Consultants: sediment releases, not creek flow, drive summer phosphorus spikes at Weiser Lake

Consultants presenting to Whatcom County said data collected from May 2023 through mid‑April 2024 indicate that Weiser Lake’s summer spikes in phosphorus are driven mainly by internal loading — phosphorus released from the lake’s sediments — rather than by inflow from Cougar Creek.

The finding matters because high phosphorus concentrations feed algal and cyanobacterial blooms, which can reduce water clarity, release odors and toxins, and affect recreational use. The consultant team said the lake’s summer total phosphorus is many times higher than the roughly 20 micrograms per liter target commonly used to limit nuisance algae.

Mark Rosenkrantz, a consultant with Aquatic Insight, described monitoring at two stations — WL1 (West Basin, shallow) and WL2 (East Basin, deeper) — and at the inlet stream. He said orthophosphorus (the immediately bioavailable form) and total phosphorus both rose in the lake during the summer months while phosphorus in the creek remained comparatively low. “Most of the phosphorus is coming from the sediment. Most of the nitrogen is coming from the watershed,” Rosenkrantz said.

The team presented several lines of evidence: dissolved‑oxygen profiles collected during daytime sampling showed oxygen declines near the bottom even when daytime temperatures appeared well mixed; sediment cores sliced at 5‑centimeter intervals down to 30 cm showed substantial iron‑bound and organic phosphorus in the top layers; and orthophosphate concentrations increased in the lake in summer when streamflow was low. The consultants explained that iron‑bound phosphorus can be released to the water column under anoxic (low‑oxygen) sediment conditions and that high pH from photosynthetic activity can free phosphorus bound to aluminum.
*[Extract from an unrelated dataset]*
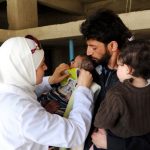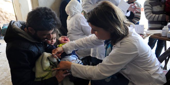 وأرسلت وزارة الصحة منذ إعلان تحرير بلدات الغوطة وتطهيرها من الإرهاب بفضل بطولات الجيش العربي السوري كوادر متخصصة وعيادات متنقلة تقدم كل الخدمات الصحية للأهالي إضافة إلى تأمين اللقاحات اللازمة لأطفالها بعد حرمانهم منها لسنوات بسبب سطوة التنظيمات الإرهابية على بلدات الغوطة الشرقية.

Nitrogen behaved differently: nitrate and total nitrogen concentrations in the creek exceeded lake values in winter and increased with winter flow, indicating the watershed is the dominant annual nitrogen source. Consultants noted the lake’s summertime nitrogen:phosphorus ratio often fell below the roughly 16:1 stoichiometric ratio for non‑nitrogen‑fixing algae; that imbalance likely favored nitrogen‑fixing cyanobacteria observed in the samples.

The consultants identified cyanobacteria dominated by a filamentous, nitrogen‑fixing taxon recorded in the samples (transcribed in the meeting as “Anabena…”). They also showed sensor and laboratory measures (chlorophyll and phycocyanin) that tracked cyanobacterial activity, including a notable October onset of cyanobacteria in one basin.

The presenters cautioned that daytime profiles can mask nocturnal oxygen depletion: daytime wind mixing can temporarily reoxygenate deeper water, while calm nights allow bottom oxygen to fall and release phosphorus. They recommended continued, targeted monitoring (including overnight dissolved‑oxygen profiles and more spatial coverage) to quantify how frequently and where sediments become anoxic and to refine management choices.

No formal decisions or funding approvals were made during the meeting; the presentation and Q&A were informational and followed by a public comment period on the draft Lake and Catchment Management Plan.